The “Nutty 9th” Circuit Court Suddenly Sane?

The 9th U.S. Circuit Court of Appeals is no doubt one of the more controversial federal courts in the United States. It’s commonly referred to as the “Nutty 9th” or the “9th Circus Court.”

Currently, the 9th Circuit has appellate jurisdiction over Alaska, Arizona, California, Hawaii, Idaho, Montana, Nevada, Oregon and Washington.

When it comes to federal courts, the 9th Circuit has among the highest percentage of sitting judges appointed by democratic presidents.

The fact is the numbers speak for themselves when it comes to the court’s rulings. From 2010–2015, around 79% of the cases accepted for review by the 9th Circuit were reversed — one of the highest rates in the country.

However, recently, the typically liberal-leaning 9th Circuit has handed down rulings surprising people from both sides of the aisle…

Size Doesn’t Matter

Last year, the state of California passed a law that made it illegal to possess a rifle magazine that can hold more than 10 rounds, essentially turning thousands of lawful gun owners into criminals.

According to the law, any person who possesses a legally purchased magazine capable of holding more than 10 rounds of ammunition must either remove the magazine from the state, sell it to a licensed firearm dealer or hand it over to law enforcement.

Citizens who retained their magazines after the law went into effect could be fined or sentenced up to a one year in a county jail.

This law ignores the fact that gun owners who purchase large capacity magazines do it for the same reason police carry large capacity magazines.

If you’re involved in a shooting, the amount of ammunition you have can mean the difference between life and death.

I imagine that many California gun owners didn’t willingly give up their magazines, leading people to be concerned that California would simply create another law to seize them.

In a ruling that shocked many folks, the judges in this case relied on the historical intention of the Second Amendment to have a “well-regulated militia” as written by our Founding Fathers.

When the Second Amendment was written, most gun owners owned a single-shot musket.

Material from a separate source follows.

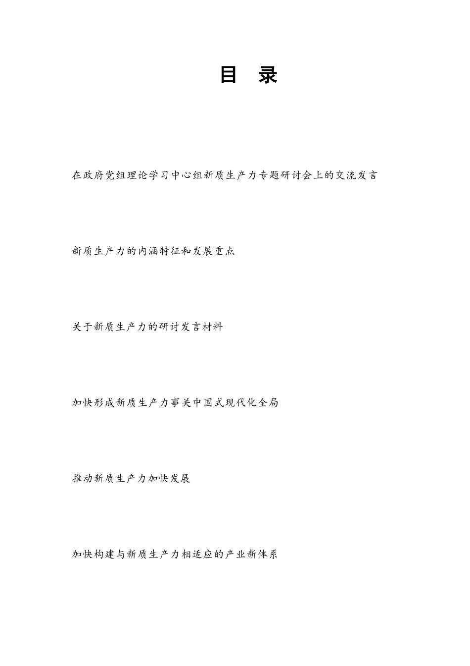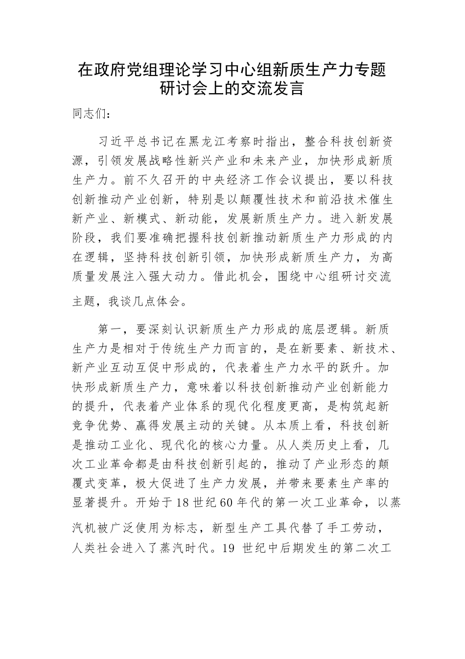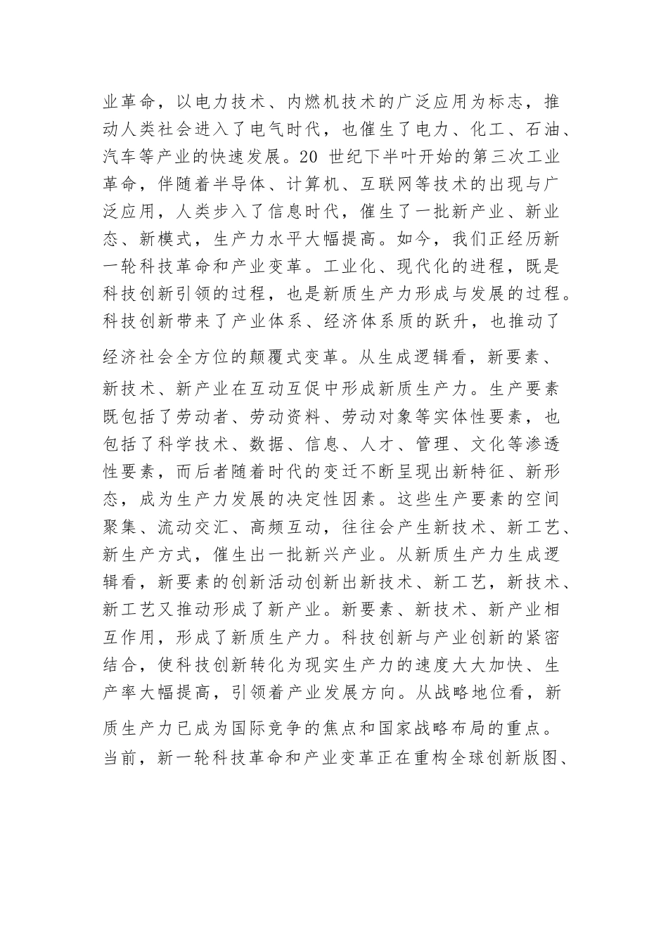 目錄在政府黨組理論學習中心組新質生產(chǎn)力專題研討會上的交流發(fā)言新質生產(chǎn)力的內涵特征和發(fā)展重點關于新質生產(chǎn)力的研討發(fā)言材料加快形成新質生產(chǎn)力事關中國式現(xiàn)代化全局推動新質生產(chǎn)力加快發(fā)展加快構建與新質生產(chǎn)力相適應的產(chǎn)業(yè)新體系在政府黨組理論學習中心組新質生產(chǎn)力專題研討會上的交流發(fā)言同志們:習近平總書記在黑龍江考察時指出,整合科技創(chuàng)新資源,引領發(fā)展戰(zhàn)略性新興產(chǎn)業(yè)和未來產(chǎn)業(yè),加快形成新質生產(chǎn)力。前不久召開的中央經(jīng)濟工作會議提出,要以科技創(chuàng)新推動產(chǎn)業(yè)創(chuàng)新,特別是以顛覆性技術和前沿技術催生新產(chǎn)業(yè)、新模式、新動能,發(fā)展新質生產(chǎn)力。進入新發(fā)展階段...

The authors of the Constitution didn’t anticipate a day when Americans would be able to purchase magazines that could hold 30 rounds.

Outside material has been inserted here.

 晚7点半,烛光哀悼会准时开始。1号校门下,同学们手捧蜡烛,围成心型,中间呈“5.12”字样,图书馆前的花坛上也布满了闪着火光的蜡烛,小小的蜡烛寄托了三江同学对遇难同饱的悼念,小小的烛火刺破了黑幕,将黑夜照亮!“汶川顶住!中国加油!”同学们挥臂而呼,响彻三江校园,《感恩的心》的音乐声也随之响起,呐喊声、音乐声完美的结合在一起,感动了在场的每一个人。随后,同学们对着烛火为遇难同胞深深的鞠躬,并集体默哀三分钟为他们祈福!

So obviously, they didn’t include anything about magazines because they weren’t available during that time.

Open Carry Controversy

In another recent judgment from the 9th Circuit, the court ruled that the Second Amendment protects the right to openly carry a gun in public for self-defense.

This ruling stemmed from a case where Hawaiian officials violated George Young’s rights by denying him a permit to openly carry a loaded gun in public.

As you probably know, Hawaii has some of the most restrictive gun laws in the country. The state currently employs a “may issue” gun-carry law, meaning state officials may deny permits to applicants even if they’ve passed a background check and training requirements.

To put this into perspective, in 2016 and 2017, ZERO civilians were issued permits to carry a concealed weapon in Hawaii.

According to Judge Diarmuid O’Scannlain, who wrote the ruling, “For better or for worse, the Second Amendment does protect a right to carry a firearm in public for self-defense.”

The thing is I believe that both California and Hawaii will fight both of these rulings. In the end, there is a chance these cases could reach the Supreme Court.

That being said, the latest nomination for the Supreme Court, Brett Kavanaugh, has a history of ruling in favor of the Second Amendment.

Even though the 9th Circuit will probably remain a controversial court, it’s encouraging to see the judges making decisions based on the Second Amendment as it was written.